▸ **Exercise goal**
Omit the pictures and output exactly the lines from the start of the entries through the line containing "Strapless Pink Mermaid".

▸ **Material for this task**
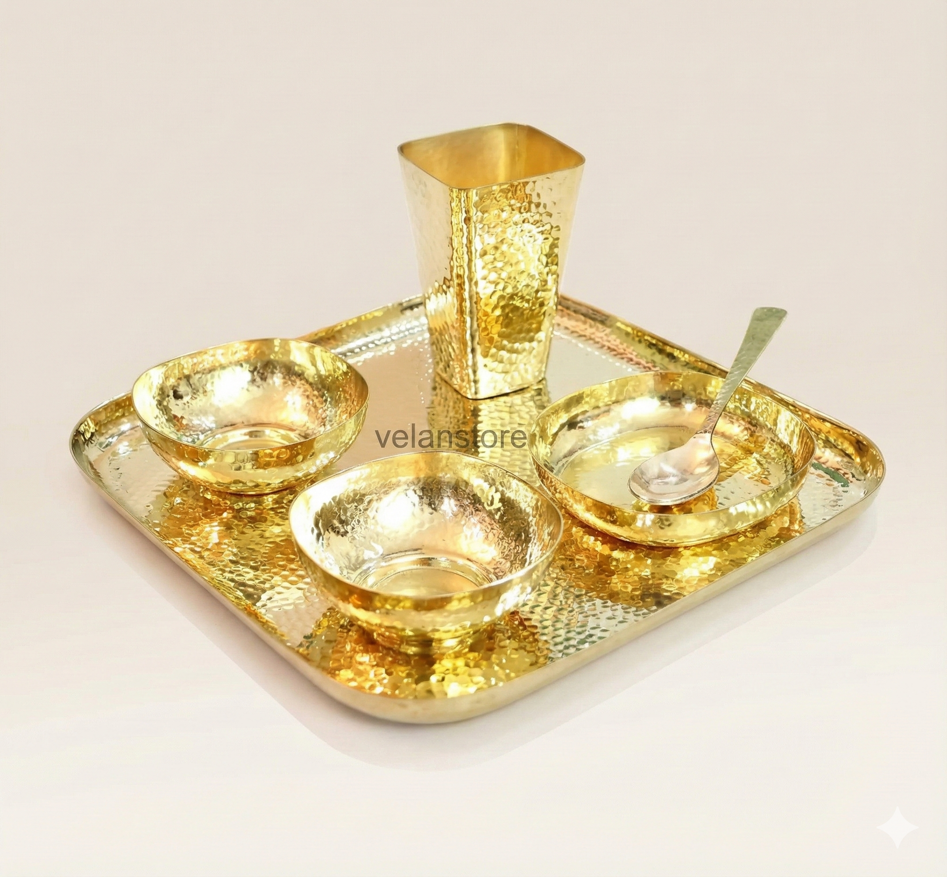 Bring home the magic of traditional craftsmanship with a modern touch. The Velan Store Pure Brass Square Dinner Set is more than just tableware — it's a celebration of heritage, culture, and fine dining.
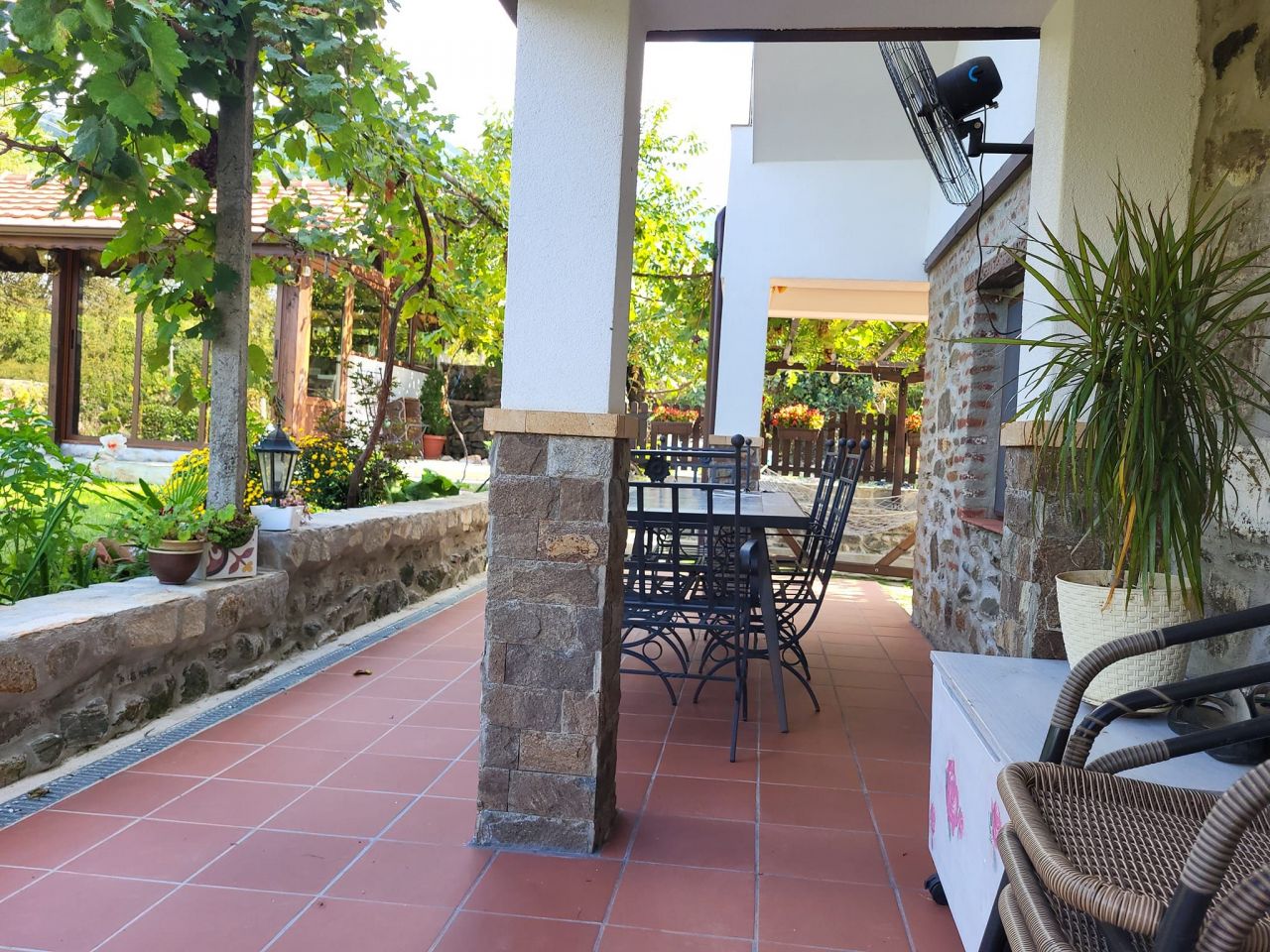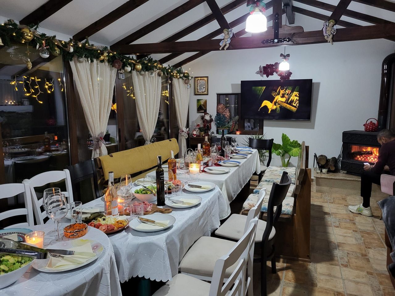 Вилата разполага с обширен двор, камина, барбекю, оборудвана кухня, телевизор, просторна механа за празненства и всички удобства за комфортен престой.
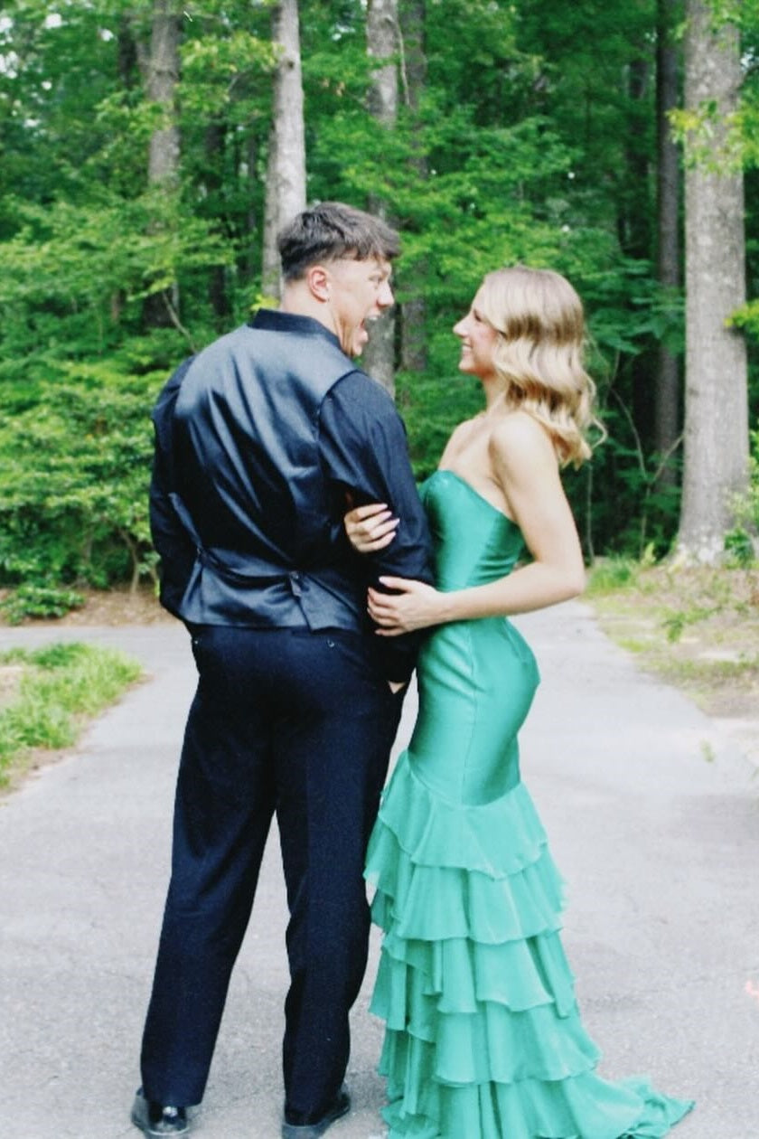 Strapless Pink Mermaid Ruffle Long Party Dress
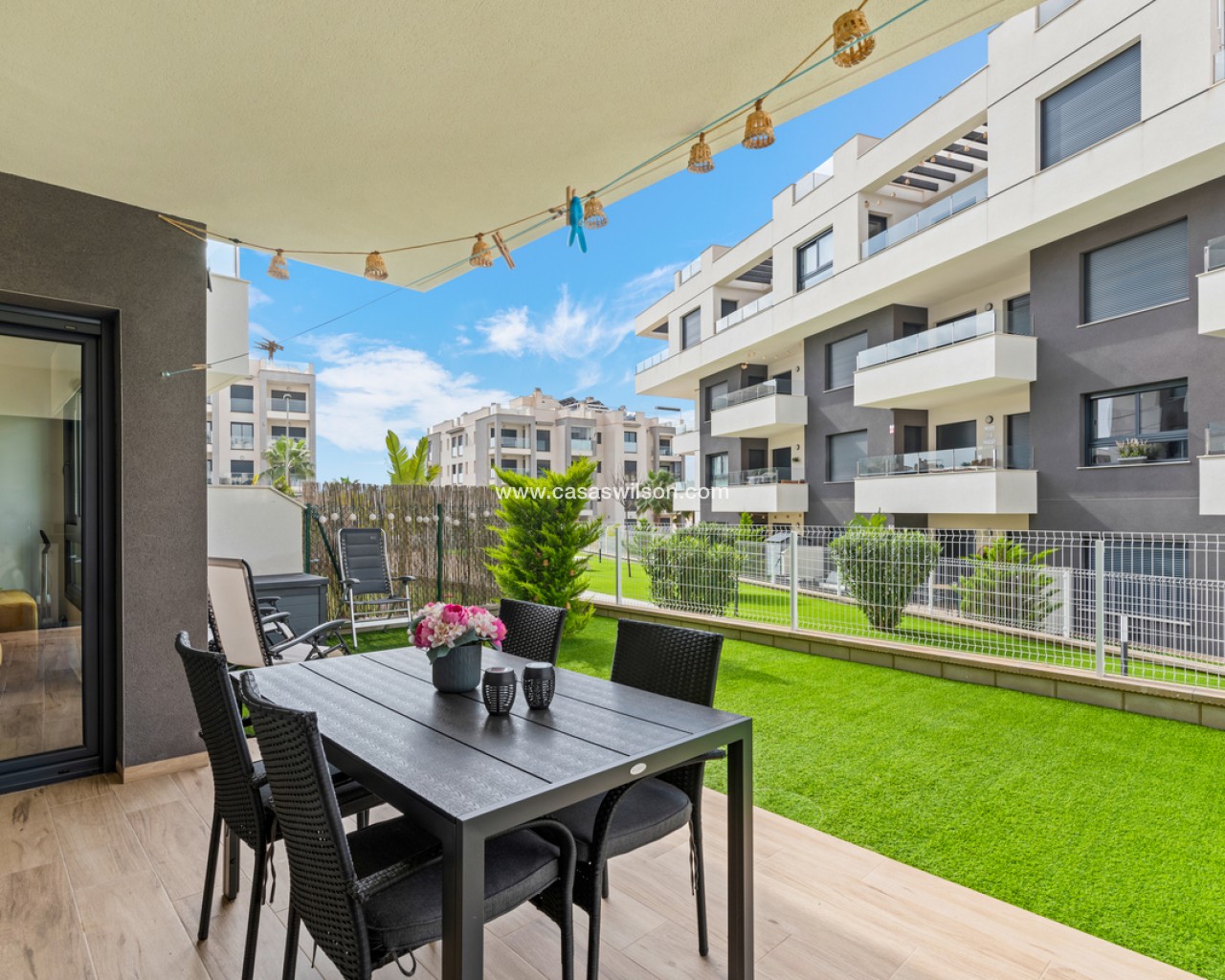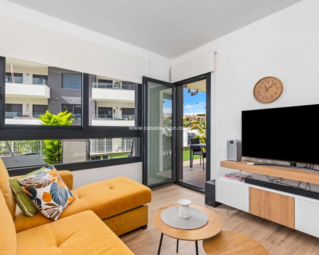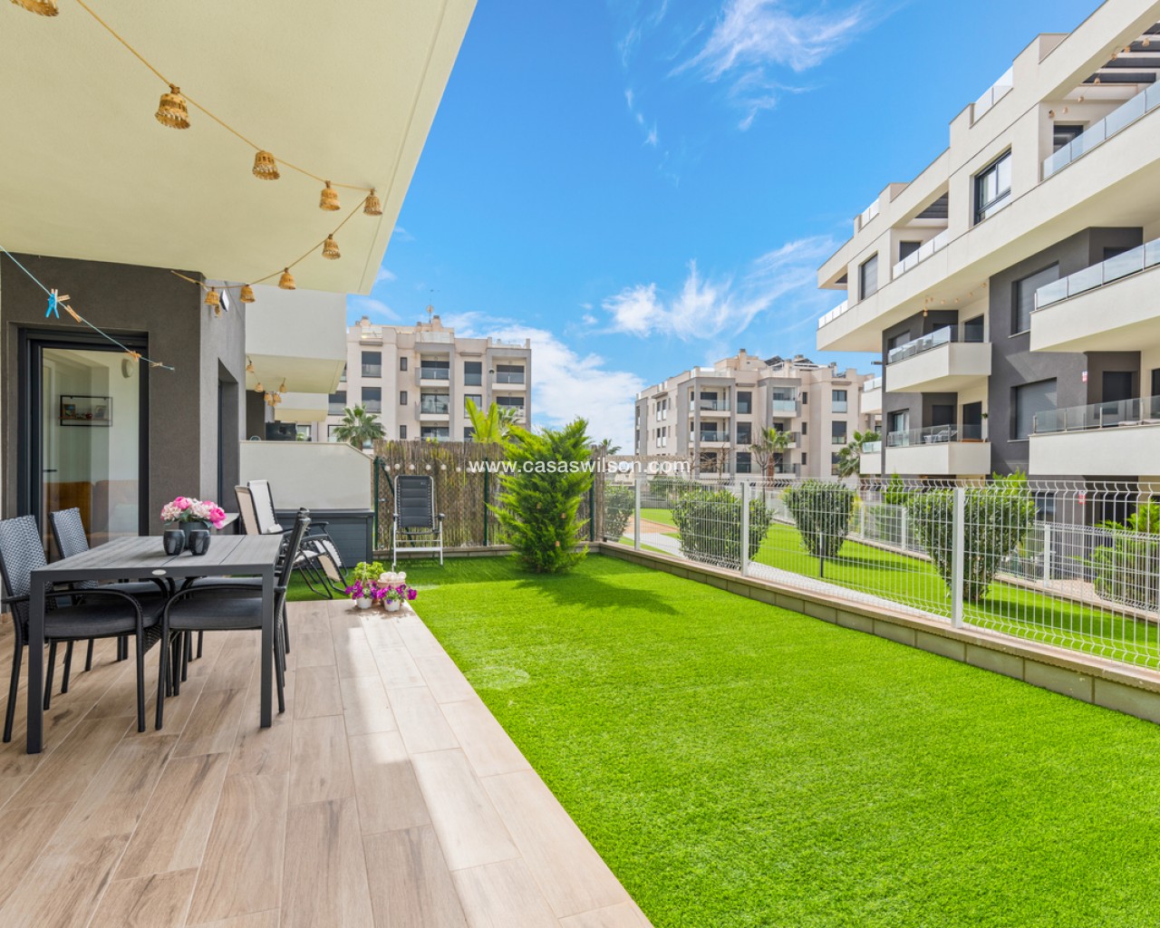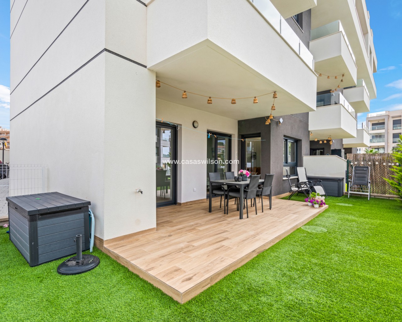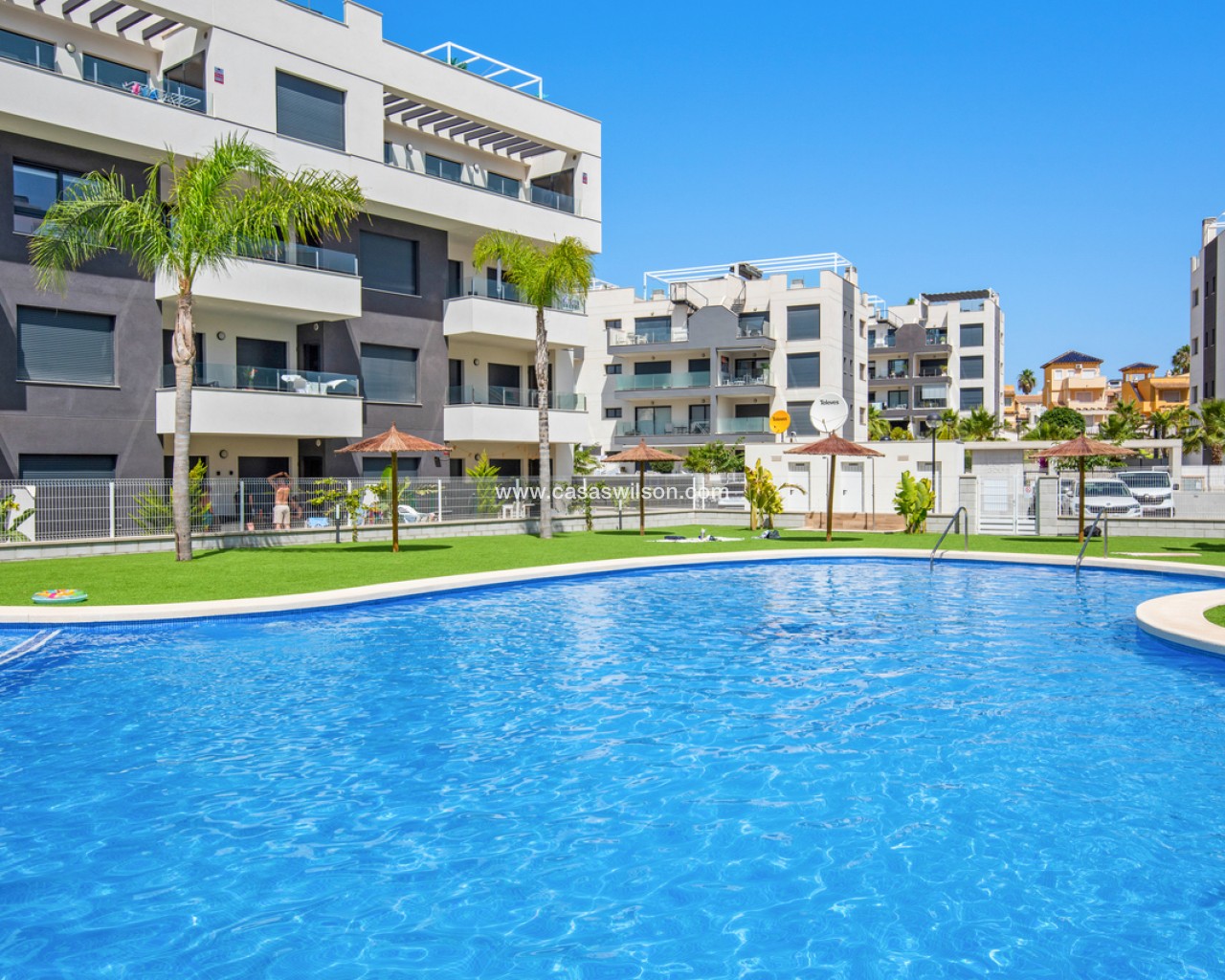 This modern ground floor corner apartment with 2 bedrooms, 2 bathrooms is situated in Villamartin, Alicante set in a great location only a few minutes walk to all local amenities (restaurants, bars and shops). The fantastic La Zenia beach and La Zenia Boulevard shopping centre is also a 10 minute drive. Villamartin Plaza and Villamartin Golf are less than 4 minutes away.The property is comprised of a spacious lounge area, an open plan kitchen/dining area, electric shutters, air conditioning (hot/cold) throughout the property, a main bedroom with fitted wardrobes and en-suite bathroom, a further guest bedroom with fitted wardrobes and a second bathroom with walk-in shower. Patio doors lead out onto a private terrace (with small utility room) to enjoy the sun all day.Private allocated parking space is also included. There is a lovely communal green area with communal swimming pool, petanque zone, children's playground and a beautiful communal park.These apartments are fantastic value for money and the location is great with the bars, restaurants and amenities only a short walk away.The Villamartin area is very popular with tourists and most of the population consists of Western European expatriate communities who have settled there in the last 10 years, virtually transforming the village into a modern-looking town. There are also other golf courses nearby and numerous white sandy beaches.
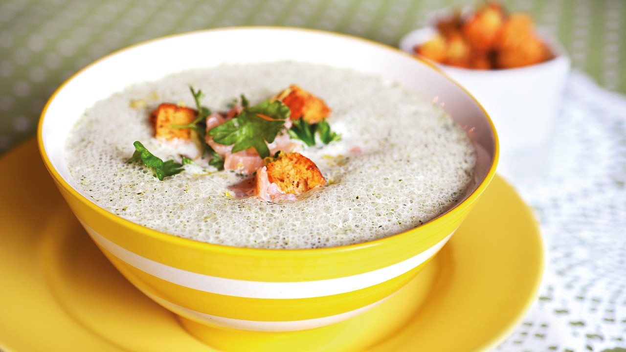 Broccolisuppe med røget laks, citron-croutoner og Nutridrink
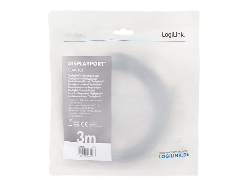 | Produktbeskrivelse | LogiLink - DisplayPort kabel - DisplayPort til DisplayPort - 3 m |
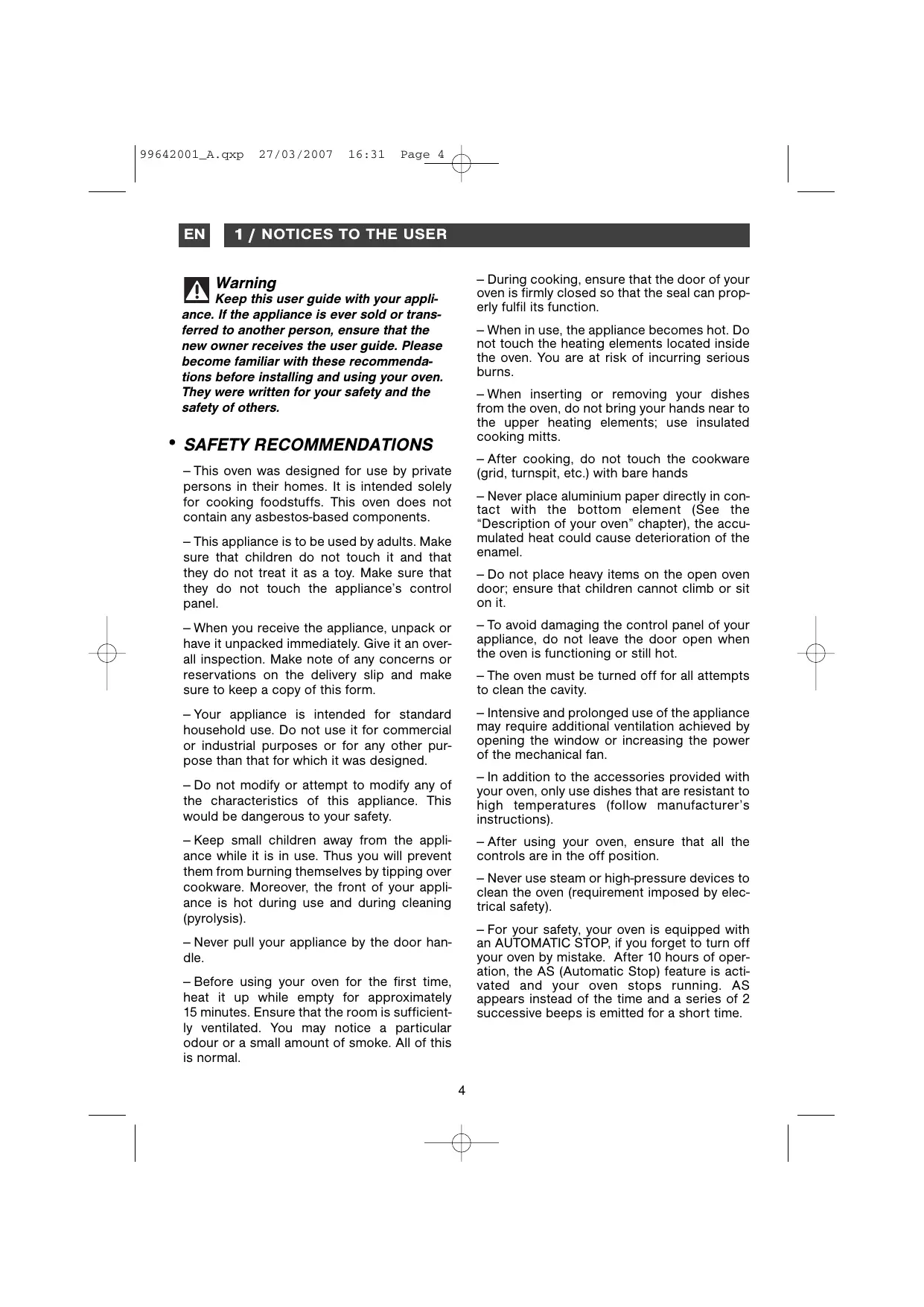 - SAFETY RECOMMENDATIONS — After cooking, do not touch the cookware (grid, turnspit, etc.) with bare hands — This oven was designed for use by private persons in their homes. It is intended solely for cooking foodstuffs. This oven does not contain any asbestos-based components. — Never place aluminium paper directly in contact with the bottom element (See the “Description of your oven” chapter), the accumulated heat could cause deterioration of the enamel. — This appliance is to be used by adults. Make sure that children do not touch it and that they do not treat it as a toy. Make sure that they do not touch the appliance’s control panel. — Do not place heavy items on the open oven door; ensure that children cannot climb or sit on it. — When you receive the appliance, unpack or have it unpacked immediately. Give it an overall inspection. Make note of any concerns or reservations on the delivery slip and make sure to keep a copy of this form. — To avoid damaging the control panel of your appliance, do not leave the door open when the oven is functioning or still hot. — Your appliance is intended for standard household use. Do not use it for commercial or industrial purposes or for any other purpose than that for which it was designed. — Intensive and prolonged use of the appliance may require additional ventilation achieved by opening the window or increasing the power of the mechanical fan. — Do not modify or attempt to modify any of the characteristics of this appliance. This would be dangerous to your safety. — In addition to the accessories provided with your oven, only use dishes that are resistant to high temperatures (follow manufacturer’s instructions). — The oven must be turned off for all attempts to clean the cavity. — Keep small children away from the appliance while it is in use. Thus you will prevent them from burning themselves by tipping over cookware. Moreover, the front of your appliance is hot during use and during cleaning (pyrolysis). — After using your oven, ensure that all the controls are in the off position. — Never use steam or high-pressure devices to clean the oven (requirement imposed by electrical safety). — For your safety, your oven is equipped with an AUTOMATIC STOP, if you forget to turn off your oven by mistake. After 10 hours of operation, the AS (Automatic Stop) feature is activated and your oven stops running. AS appears instead of the time and a series of 2 successive beeps is emitted for a short time. — Never pull your appliance by the door handle. — Before using your oven for the first time, heat it up while empty for approximately 15 minutes. Ensure that the room is sufficiently ventilated. You may notice a particular odour or a small amount of smoke. All of this is normal.

▸ **Completed task**
 Bring home the magic of traditional craftsmanship with a modern touch. The Velan Store Pure Brass Square Dinner Set is more than just tableware — it's a celebration of heritage, culture, and fine dining.
 Вилата разполага с обширен двор, камина, барбекю, оборудвана кухня, телевизор, просторна механа за празненства и всички удобства за комфортен престой.
 Strapless Pink Mermaid Ruffle Long Party Dress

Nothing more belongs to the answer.